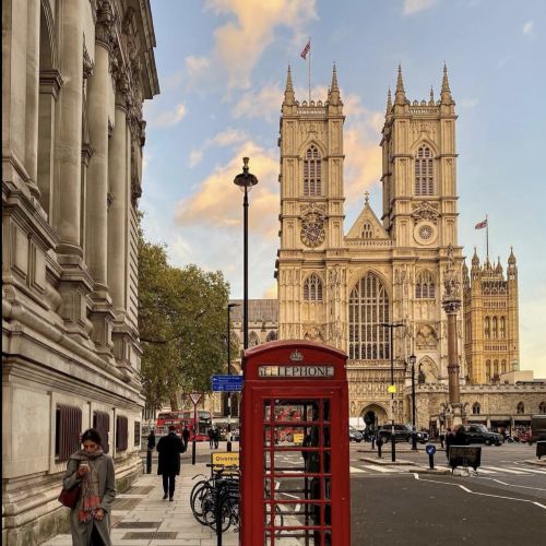 ▲ At dusk, the golden afterglow drapes Buckingham Palace in a dreamy veil. This solemn and elegant structure, with its orderly symmetrical layout and exquisite columnar architecture, exudes royal majesty. In front of the palace, the Victoria Memorial shines brilliantly. On the pristine marble pedestal, the seated statue of Queen Victoria appears serene and lifelike. The winged Victory sculpture at the top seems even more dynamic in the twilight, as if ready to soar beyond the heavens. Surrounding figures, holding scepters or laurel wreaths, appear to recount past glories.
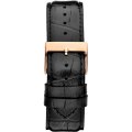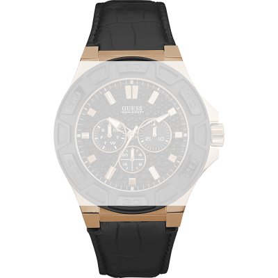 Dit Guess horlogebandje is gemaakt van leer en wordt aan het horloge bevestigd door middel van bandpennen. De band heeft een breedte van 27 mm en wordt gesloten door middel van een gesp. De band heeft geen rechte aanzet wat betekent dat deze band alleen geschikt is voor de horloges die hieronder worden vermeld.
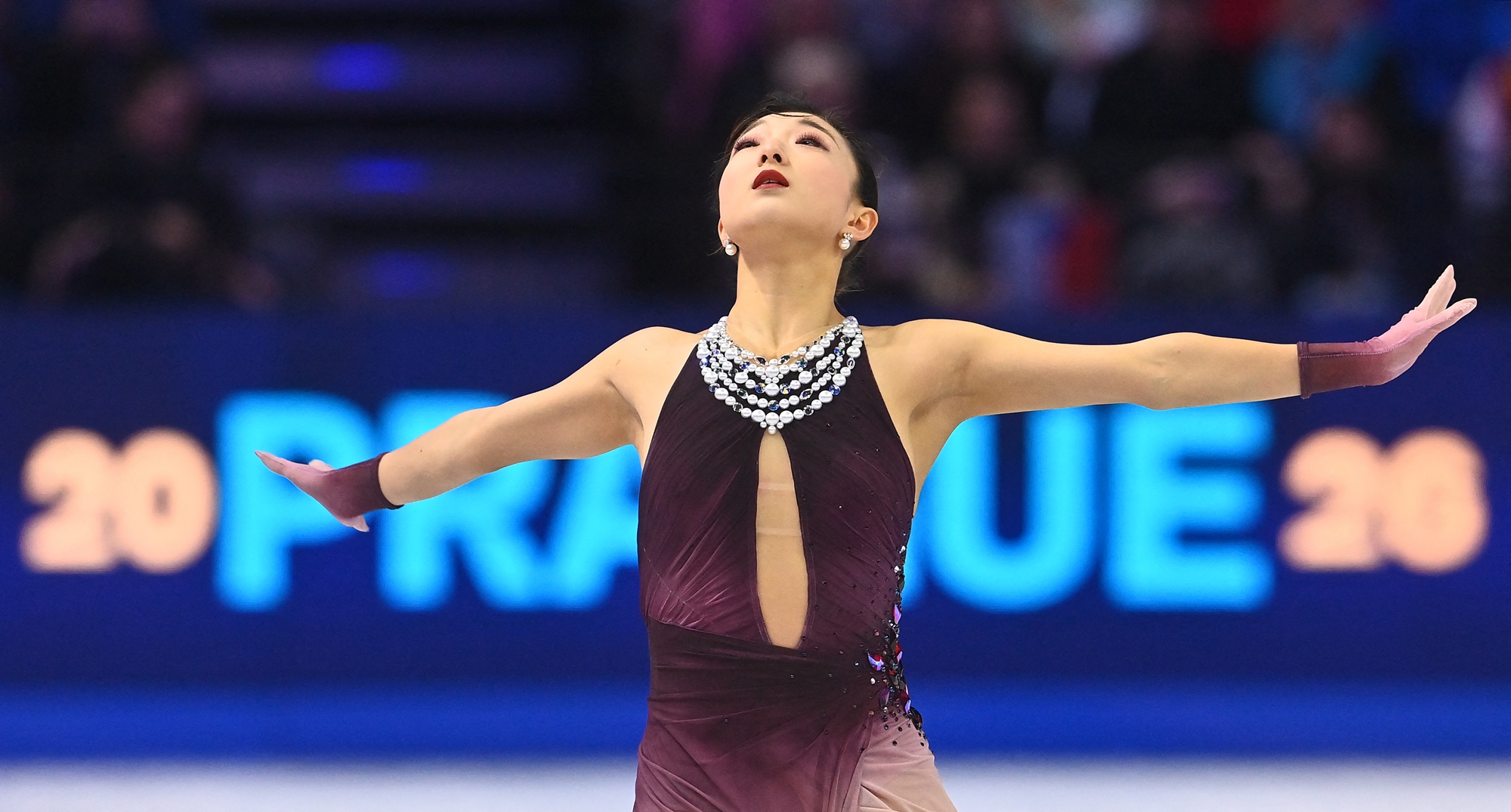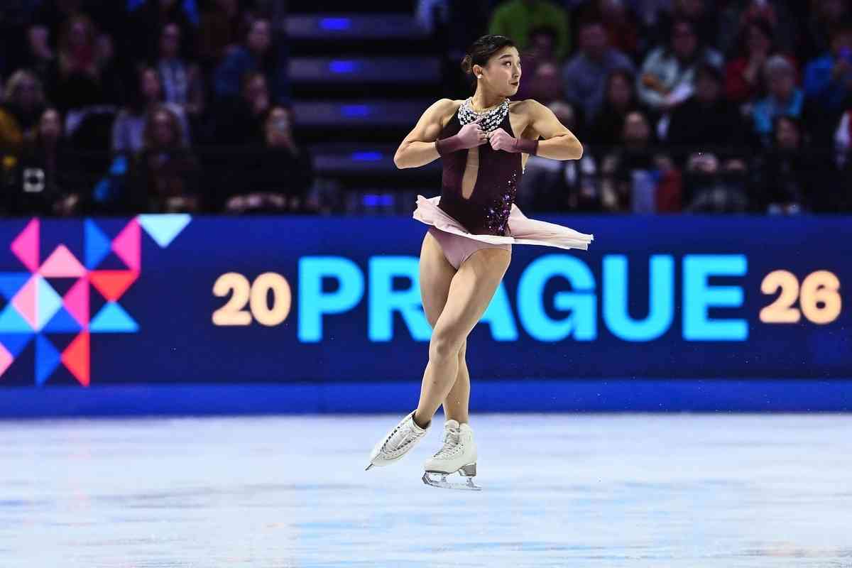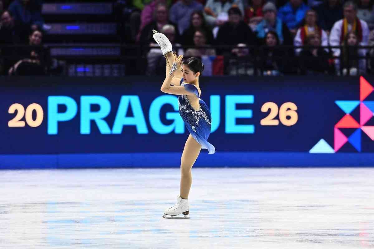 2026年3月27日,在捷克布拉格O2體育館,日本選手千葉百音參加女子單人滑自由滑決賽。(Michal Cizek/AFP via Getty Images)
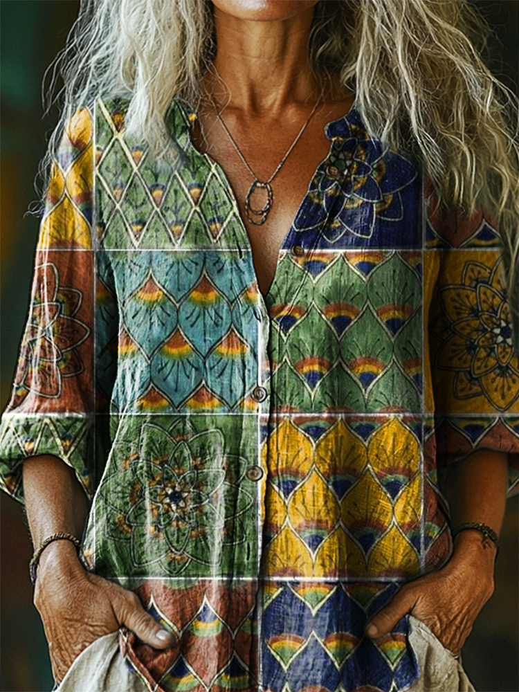 Women's Vintage Bohemian Floral Art Print Casual Cotton Linen Shirt
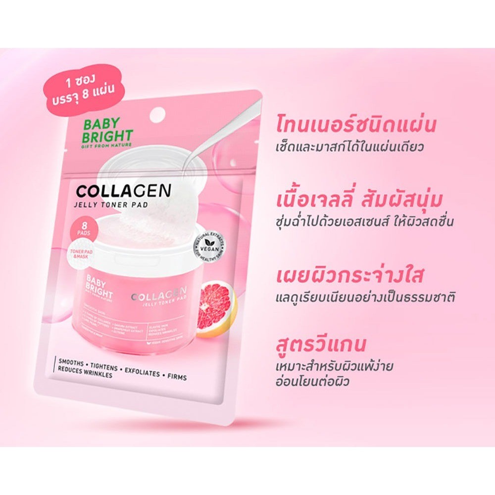 Baby Bright Collagen Jelly Toner Pad 8Pads เบบี้ไบร์ท โทนเนอร์แพดผิวไบร์ท สูตรวีแกน.
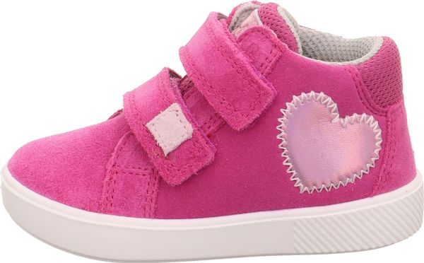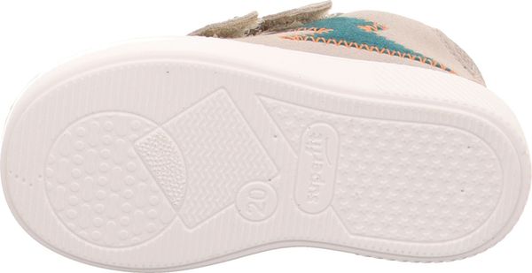 "Learning to walk: with the SUPIES sneaker, it becomes a game. The superfit model's cheerful sole profile design is inspired by pegging games and makes the first steps exciting and fun at the same time. The padded collar ensures a high level of comfort. The decorative leather square on the lower strap and the quick entry thanks to the Velcro fasteners are the icing on the cake of the SUPIES."
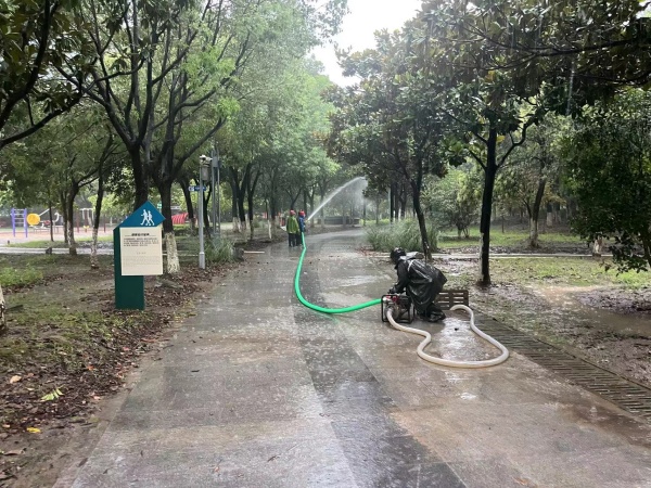 因瞬時雨量大,河道水位已在橋梁板涵頂部,導(dǎo)致市政道路積水嚴重,水位下降緩慢,東方安通公司市政維護管理處對開發(fā)區(qū)內(nèi)市政道路積水情況持續(xù)排查。根據(jù)上級預(yù)警信息,東方安通公司立即啟動應(yīng)急預(yù)案,成立防汛突擊隊,迅速展開防汛排澇工作,對區(qū)內(nèi)嫩江路(泰山路至黃山)、泰山路(松江路至新都路)、北舍路(世紀大道至新安江路)、新都路(未來科技城南側(cè))、烏江路(東環(huán)路至華山路)等道路積水嚴重路段進行搶排,截止9月11日23:30已基本完成道路積水排除工作。
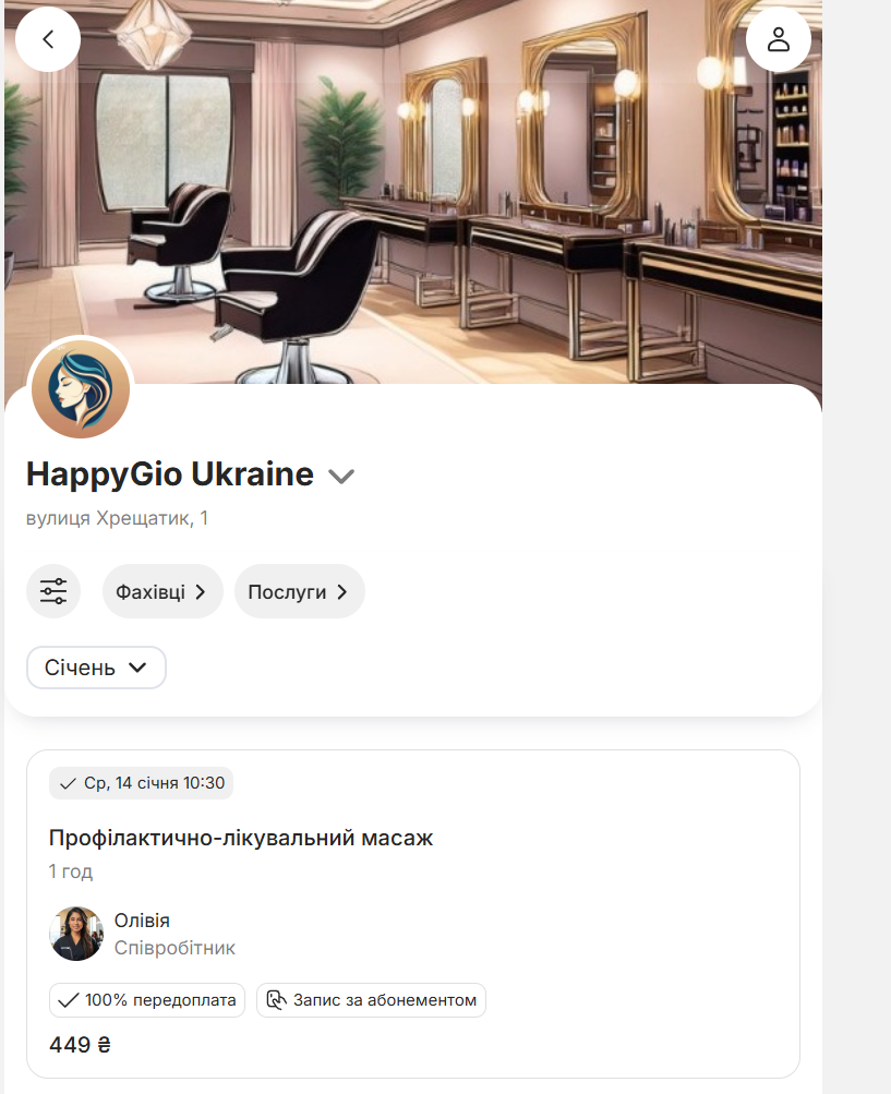 - Абонементом можна оплатити послугу, на яку здійснюється запис.
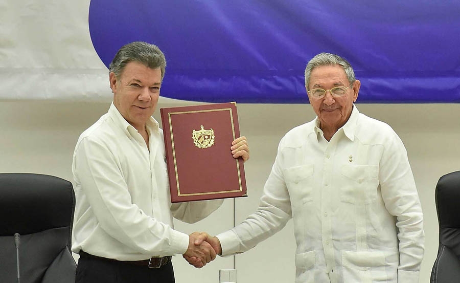 El Jefe de Estado encabezó en La Habana el acto de la firma del Acuerdo para el Cese al Fuego y de Hostilidades Bilateral y Definitivo, y la Dejación de las Armas, con las FARC en presencia del líder de ese grupo, ‘Timoleón Jiménez’, el Secretario de la ONU, Ban Ki-moon; los presidentes de Cuba, Raúl Castro; Chile, Michele Bachelet; México, Enrique Peña Nieto; Venezuela, Nicolás Maduro; República Dominicana, Danilo Medina y El Salvador, Salvador Sánchez Cerén.
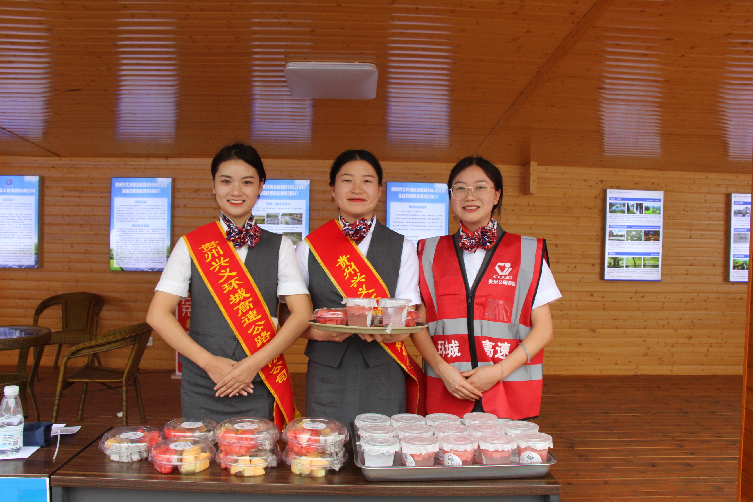 自9月14日起,,,,,,,为进一步护航山地旅游大会,,,,,,,全力打造“好客兴义”形象,,,,,,,兴义环高组织开展了面向外地来黔游客的志愿服务活动。。。。。。。通过在丰都收费站“心光驿站”设立“大会志愿服务”点,,,,,,,向来黔旅客免费赠送饮料、矿泉水以及水果拼盘等物资。。。。。。。志愿者们还热情地向外来游客提供交通指引、游玩攻略等咨询服务,,,,,,,让外地来黔游客有宾至如归的感觉。。。。。。。
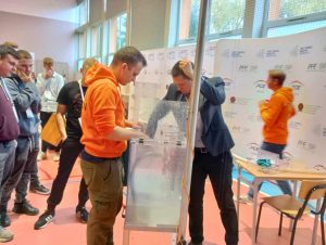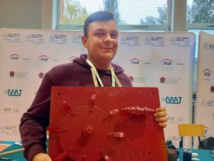We wtorek, 21 listopada, w Zespole Szkół Zawodowych Nr 1 w Skierniewicach odbył się jeden z etapów ogólnopolskiego Turnieju Maszyn Wodnych. Drużyna z naszej szkoły o nazwie „MIETEK TEAM” składała się z uczniów klasy VTMŻ: Szymona Jaroszczaka, Kacpra Rybickiego i Adama Cieślaka.
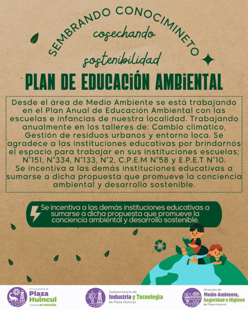 Plaza Huincul presentó el nuevo Plan de Educación Ambiental: “Un Futuro Sostenible para Nuestras Escuelas”, una propuesta que apunta a fortalecer la conciencia ambiental en el ámbito escolar mediante actividades educativas y acciones prácticas.
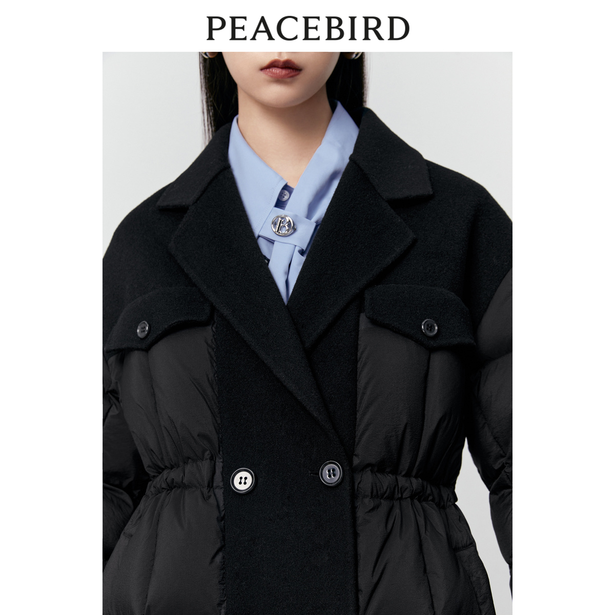 【商场同款】太平鸟女装2024冬新双面呢拼接绗缝羽绒服A1ACD4288
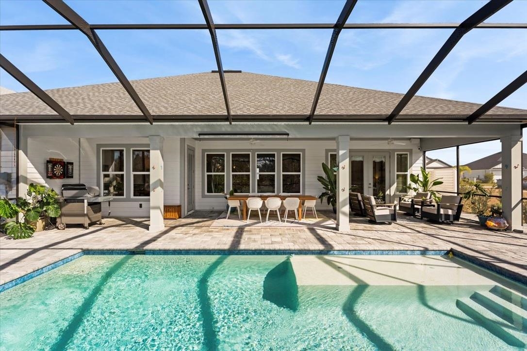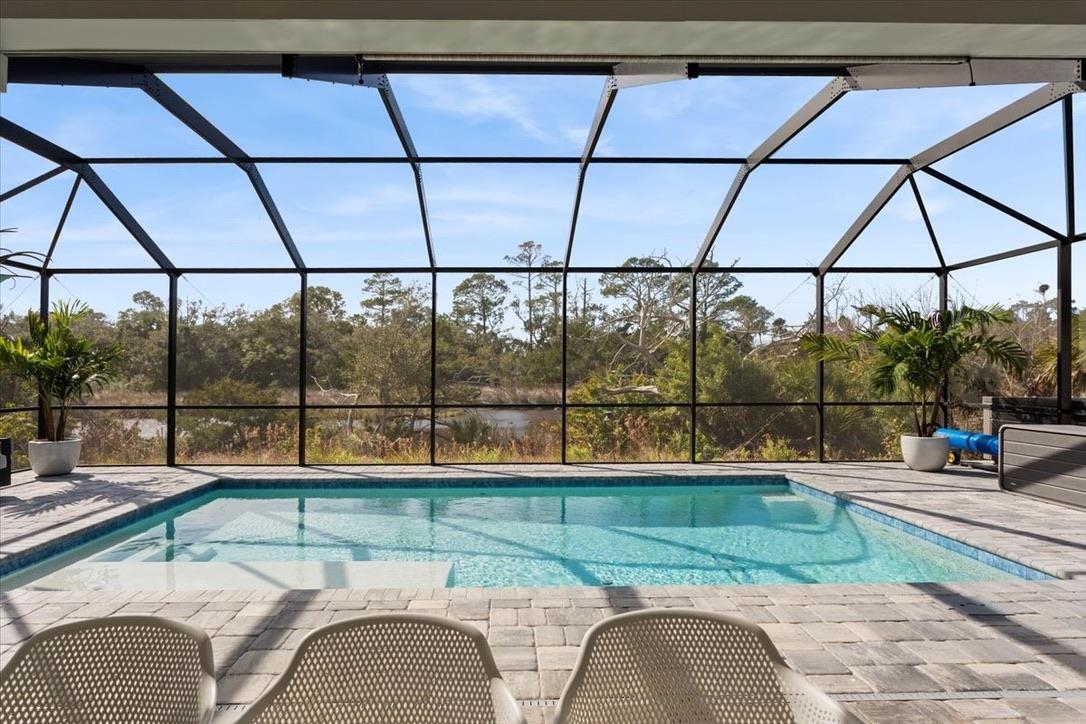 Stylish pool home on one of the most scenic lots in the highly desirable Madeira community. MasterCraft's acclaimed Ella plan offers over 3, 100 sq. ft. all on one level with space for everyone including 3 bedrooms, 2. 5 bathrooms, a teen retreat, a huge flex room (currently being used as a 4th bedroom), a private pocket office and even a spacious laundry room that doubles as a hobby workshop. Inviting coastal chic interior with wood-look plank tile, designer fixtures, and a kitchen intended for easy entertaining, boasting a deep walk-in pantry with 2nd refrigerator. Make the most of the Florida outdoors with your own screened and heated inground pool adjacent to an extended lanai with grilling area, plus a separate paver patio and an outdoor shower as well. The oversized estate lot is a nature lovers' paradise overlooking a serene marsh and wooded preserve visited by an abundant variety of migratory shorebirds. Quality construction features 2"x6" exterior walls with James Hardie siding, attractive Craftsman architectural elements, an expansive covered entry porch, 10' ceilings, 8' solid-core interior doors and smart home technology. In addition, the Madeira Residents Club offers a clubhouse, fitness center, and swimming pool with lap lanes. Madeira is a gated intracoastal front community unique for its lush natural environment, including over 600 acres of marsh wetlands, a tidal creek, numerous lakes and preserved natural areas, all just 3 miles north of historic downtown St. Augustine and only 4 miles from the beach!
★ ★ ★ ★
## EXERCISE PROMPT
What is needed is an exact copy of all the data, with no images in it.

## ANSWER FOR THIS EXERCISE
 ▲ At dusk, the golden afterglow drapes Buckingham Palace in a dreamy veil. This solemn and elegant structure, with its orderly symmetrical layout and exquisite columnar architecture, exudes royal majesty. In front of the palace, the Victoria Memorial shines brilliantly. On the pristine marble pedestal, the seated statue of Queen Victoria appears serene and lifelike. The winged Victory sculpture at the top seems even more dynamic in the twilight, as if ready to soar beyond the heavens. Surrounding figures, holding scepters or laurel wreaths, appear to recount past glories.
 Dit Guess horlogebandje is gemaakt van leer en wordt aan het horloge bevestigd door middel van bandpennen. De band heeft een breedte van 27 mm en wordt gesloten door middel van een gesp. De band heeft geen rechte aanzet wat betekent dat deze band alleen geschikt is voor de horloges die hieronder worden vermeld.
 2026年3月27日,在捷克布拉格O2體育館,日本選手千葉百音參加女子單人滑自由滑決賽。(Michal Cizek/AFP via Getty Images)
 Women's Vintage Bohemian Floral Art Print Casual Cotton Linen Shirt
 Baby Bright Collagen Jelly Toner Pad 8Pads เบบี้ไบร์ท โทนเนอร์แพดผิวไบร์ท สูตรวีแกน.
 "Learning to walk: with the SUPIES sneaker, it becomes a game. The superfit model's cheerful sole profile design is inspired by pegging games and makes the first steps exciting and fun at the same time. The padded collar ensures a high level of comfort. The decorative leather square on the lower strap and the quick entry thanks to the Velcro fasteners are the icing on the cake of the SUPIES."
 因瞬時雨量大,河道水位已在橋梁板涵頂部,導(dǎo)致市政道路積水嚴重,水位下降緩慢,東方安通公司市政維護管理處對開發(fā)區(qū)內(nèi)市政道路積水情況持續(xù)排查。根據(jù)上級預(yù)警信息,東方安通公司立即啟動應(yīng)急預(yù)案,成立防汛突擊隊,迅速展開防汛排澇工作,對區(qū)內(nèi)嫩江路(泰山路至黃山)、泰山路(松江路至新都路)、北舍路(世紀大道至新安江路)、新都路(未來科技城南側(cè))、烏江路(東環(huán)路至華山路)等道路積水嚴重路段進行搶排,截止9月11日23:30已基本完成道路積水排除工作。
 - Абонементом можна оплатити послугу, на яку здійснюється запис.
 El Jefe de Estado encabezó en La Habana el acto de la firma del Acuerdo para el Cese al Fuego y de Hostilidades Bilateral y Definitivo, y la Dejación de las Armas, con las FARC en presencia del líder de ese grupo, ‘Timoleón Jiménez’, el Secretario de la ONU, Ban Ki-moon; los presidentes de Cuba, Raúl Castro; Chile, Michele Bachelet; México, Enrique Peña Nieto; Venezuela, Nicolás Maduro; República Dominicana, Danilo Medina y El Salvador, Salvador Sánchez Cerén.
 自9月14日起,,,,,,,为进一步护航山地旅游大会,,,,,,,全力打造“好客兴义”形象,,,,,,,兴义环高组织开展了面向外地来黔游客的志愿服务活动。。。。。。。通过在丰都收费站“心光驿站”设立“大会志愿服务”点,,,,,,,向来黔旅客免费赠送饮料、矿泉水以及水果拼盘等物资。。。。。。。志愿者们还热情地向外来游客提供交通指引、游玩攻略等咨询服务,,,,,,,让外地来黔游客有宾至如归的感觉。。。。。。。
We wtorek, 21 listopada, w Zespole Szkół Zawodowych Nr 1 w Skierniewicach odbył się jeden z etapów ogólnopolskiego Turnieju Maszyn Wodnych. Drużyna z naszej szkoły o nazwie „MIETEK TEAM” składała się z uczniów klasy VTMŻ: Szymona Jaroszczaka, Kacpra Rybickiego i Adama Cieślaka.
 Plaza Huincul presentó el nuevo Plan de Educación Ambiental: “Un Futuro Sostenible para Nuestras Escuelas”, una propuesta que apunta a fortalecer la conciencia ambiental en el ámbito escolar mediante actividades educativas y acciones prácticas.
 【商场同款】太平鸟女装2024冬新双面呢拼接绗缝羽绒服A1ACD4288
 Stylish pool home on one of the most scenic lots in the highly desirable Madeira community. MasterCraft's acclaimed Ella plan offers over 3, 100 sq. ft. all on one level with space for everyone including 3 bedrooms, 2. 5 bathrooms, a teen retreat, a huge flex room (currently being used as a 4th bedroom), a private pocket office and even a spacious laundry room that doubles as a hobby workshop. Inviting coastal chic interior with wood-look plank tile, designer fixtures, and a kitchen intended for easy entertaining, boasting a deep walk-in pantry with 2nd refrigerator. Make the most of the Florida outdoors with your own screened and heated inground pool adjacent to an extended lanai with grilling area, plus a separate paver patio and an outdoor shower as well. The oversized estate lot is a nature lovers' paradise overlooking a serene marsh and wooded preserve visited by an abundant variety of migratory shorebirds. Quality construction features 2"x6" exterior walls with James Hardie siding, attractive Craftsman architectural elements, an expansive covered entry porch, 10' ceilings, 8' solid-core interior doors and smart home technology. In addition, the Madeira Residents Club offers a clubhouse, fitness center, and swimming pool with lap lanes. Madeira is a gated intracoastal front community unique for its lush natural environment, including over 600 acres of marsh wetlands, a tidal creek, numerous lakes and preserved natural areas, all just 3 miles north of historic downtown St. Augustine and only 4 miles from the beach!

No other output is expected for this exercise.